Adversário teórico de Roberto Schwarz, Luiz Costa Lima elogia, com restrições, coletânea sobre o autor de "Ao Vencedor as Batatas"

LUIZ COSTA LIMA
COLUNISTA DA FOLHA

Pelo livro que se resenha, Roberto Schwarz recebe uma apreciação que nenhum outro crítico brasileiro jamais conheceu.
Qualquer que seja o grau de divergência teórico-analítica que se tenha com o autor, há de reconhecer que é justa a sua homenagem.
Das três partes que compõem o livro, sou obrigado a tratar apenas da primeira -tão-só se ressalve que as contribuições de R. Kurz e R. Scholz não devem passar despercebidas a quem se interesse pelo horizonte aberto ao mundo contemporâneo.
O ensaio de Leopoldo Waizbort impõe-se em primeiro lugar, pois aborda uma questão central à obra de Schwarz: o legado de Lukács, Adorno e Auerbach. É certo que uma obra que ofereça a reaproximação daqueles três autores quanto a uma análise socioistórica das formas terá de ter alguma singularidade, se outra não fosse a de lidar com orientações tão diversas. Waizbort tem o mérito de acentuar que essa reaproximação não se cumpre mecanicamente.
Assim, referindo-se à leitura de "Iaiá Garcia" por Schwarz, assinala que, "no Machado da primeira fase, o princípio do decoro/paternalismo dá certa apresentação da sociedade brasileira, mas o faz preservando o estilo elevado".
Com isso, evitando os temas "baixos", Machado tanto se afastava da ênfase na vida popular, própria ao realismo privilegiado por Lukács, quanto do auerbachiano, com sua quebra da separação entre os estilos elevado e humilde.
A diferença, continua Waizbort, resultava da própria distinção da sociedade brasileira, onde "o decoro diz mais sobre a vida concreta dos homens que o papel determinante do dinheiro (como era o caso da Europa)", sendo pois também adequada a manutenção da separação dos estilos.
Já no Machado da maturidade, a diferença quanto a Lukács resulta de a apreensão realista da sociedade realizar-se com "os de cima", e não com "os de baixo".
Ao mesmo tempo, a mistura de estilos se cumpre, mas por motivo completamente diverso do apontado por Auerbach: em vez de influência do cristianismo contra a tradição greco-romana, ela decorre de que, nos termos do próprio Schwarz em "Ao Vencedor as Batatas", "a freqüentação alexandrina e mercurial de todos os estilos acaba sendo o nosso único estilo autêntico" .
Esses são momentos analíticos preciosos, pois mostram concretamente, não de modo apriorístico, a contribuição do homenageado ao entendimento de Machado.

A lamentar
Por isso mesmo é de lamentar que Waizbort não tenha estendido seu exame à comparação interna dos autores privilegiados; o que teria sido tanto mais necessário porque é sabido que a Lukács não só o marxismo de Adorno era detestável como descartável o que Auerbach entendia por realismo.
Adorno, de sua parte, não faria por menos; sua separação valorativa das obras do jovem Lukács, anteriores à sua "conversão", deveria deixar furioso o autor húngaro.
Já quanto a Auerbach, nada de explícito pode-se dizer, pois seu ceticismo irônico-melancólico o mantinha afastado de polêmicas com os contemporâneos (com a exceção do amigo-inimigo Spitzer e de seu antípoda, E.R. Curtius).
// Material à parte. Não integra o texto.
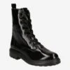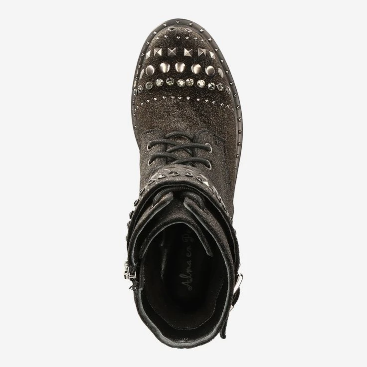 The lace-up boots from Alma en Pena delight with a finish of black-gold upper material with elaborate rivet and rhinestone design on the cap, heel and shaft. Also the sole edge was decorated with rivets and skillfully underlines the rock look of the lace-up. The eye-catching strap closes with two buckles and incidentally puts the shoe in the spotlight.
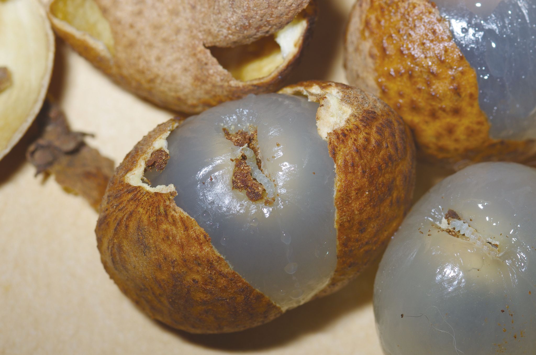 而一般在荔枝、龍眼這類無患子科水果果實裡常出現的,則是細蛾科的小型蛾類幼蟲,其中細蛾(Conopomorpha spp.)為常見種類。此外,市場買回來的香蕉,有時也會夾帶一些粉介殼蟲,不過這類蟲一般只會附著在果皮表面,不會接觸到果肉的部分。
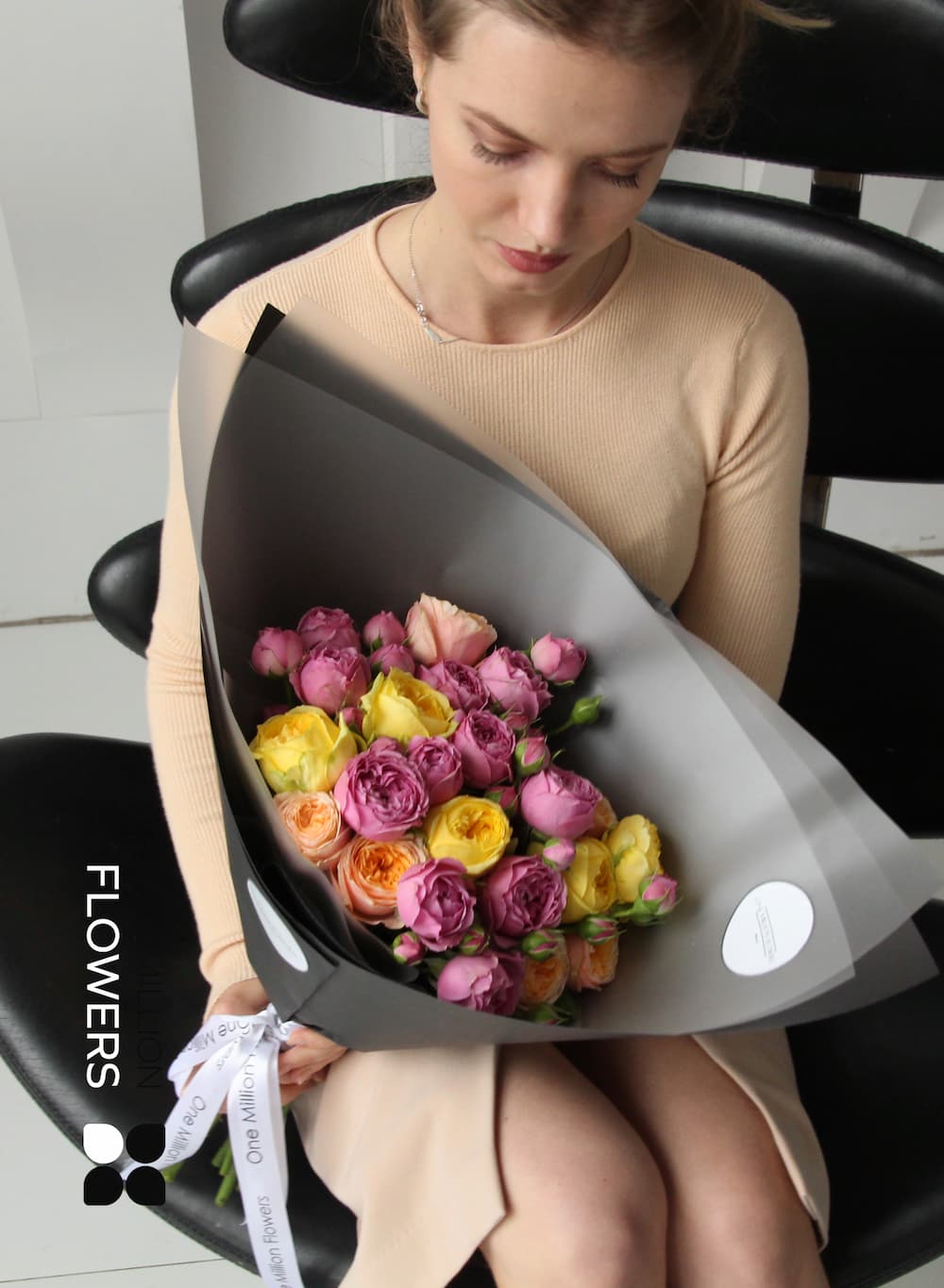 Букет "Джуси Пэш" — это роскошная цветочная композиция, в которой гармонично соединяются нежность и яркость. В его состав входят 15 кустовых роз Мисти Баблз, 11 пионовидных роз Девид Остин Джульетта и 7 эквадорских роз Каталина. Каждый цветок был тщательно отобран для создания уникального и завораживающего букета.

Mas seu leitor reconhecerá a enorme reserva que deveria ter tanto de Adorno como de Lukács.
Na falta de um exame específico, talvez seja justo pensar em um deslocamento: Lukács, absoluto na obra de estréia, cede progressivamente o lugar ao marxismo "ocidental" de Adorno, embora com recaídas, presentes, por exemplo, no louvor ao "Cidade de Deus", de Paulo Lins. De todo modo, é inconteste que a mímesis é a categoria pela qual Adorno, Auerbach e Lukács são aproximados.
E aí a questão se torna mais acesa: o realismo sob constante metamorfose com que Auerbach opera era uma maneira refinada de manter a concepção da mímesis como "imitatio", que, de sua parte, era afirmada sem problemas pelo Lukács pós-conversão, enquanto a posição de Adorno se punha na antípoda de ambos. Como Schwarz se comporta diante da discórdia?

Ataque e resposta
Lamento que o exemplo mais direto me envolva pessoalmente. Silvia López cita a passagem do ensaio "Adequação Nacional e Originalidade Crítica": "A divisão imaginada por Luiz Costa Lima se poderia formular da maneira seguinte: de um lado, no partido do atraso, a mímese da realidade histórica, ausência de inquietação formal, redundância ideológica, ilusão da linguagem transparente, sem tração própria; de outro, o partido avançado, a produção literária do novo, a ruptura antimimética, a consciência de eficácia específica da linguagem, bem como o desligamento da antena referencial".
O artigo fora originalmente publicado na revista "Novos Estudos-Cebrap" nš 32 (março, 1992). Como o próprio Schwarz me abriu as páginas para que lhe respondesse, o fiz em seu número seguinte, sob a forma de um curto comentário.
Pareceu-me que seria um abuso fazê-lo de modo mais extenso porque já escrevera todo um livro a respeito da questão da mímesis e da necessidade de revisá-la ("Mímesis e Modernidade", 1980, reeditado em 2003 pela ed. Graal).
O argumento básico consistia em afirmar que, só quando confundida com a "imitatio", a mímesis supõe que a obra de qualidade tenha de ter um cunho realista. A mímesis por certo implica um relacionamento entre o social e a forma. Entendida como "imitatio", essa relação se torna entre termos desproporcionais: o social guarda o traço determinante, que se estabelecerá na forma da obra, cujo valor se comprova por essa reinstalação.
Como daí Schwarz extraíra a concepção que me atribui? A explicação plausível seria a de que não lera o livro e se deixara guiar por falsas pistas. Mas Schwarz republicaria seu artigo em "Seqüências Brasileiras" (Cia. das Letras, 1999), quando, nesse entretempo, eu já editara outro livro que desdobrava a questão da mímesis ("Vida e Mímesis", ed. 34, 1995). Era pouco verossímil que não tivesse tido a curiosidade de verificar o que diziam os dois livros.
A explicação havia então de ser outra.
De duas uma: ou Schwarz concluiu que minha busca em resgatar a mímesis de sua secular associação com a "imitatio" era descabida na prática, concordando com Lukács e afastando-se de Adorno -que já procurara aquele resgate- ou devemos levar a sério a advertência de Luís A. Fischer.
Embora Fischer seja um admirador de Schwarz, não deixa de apontar para o que chama de tendência à aporia, que "muitas vezes encerra e restringe o pensamento materialista da esquerda paulista e uspiana". A inclinação para a aporia poderia ser formulada noutros termos: a tendência autoritária de um grupo que interpreta toda discordância como manifestação de incompetência. Por isso mesmo é deplorável que a justa homenagem não seja mais rigorosamente analítica.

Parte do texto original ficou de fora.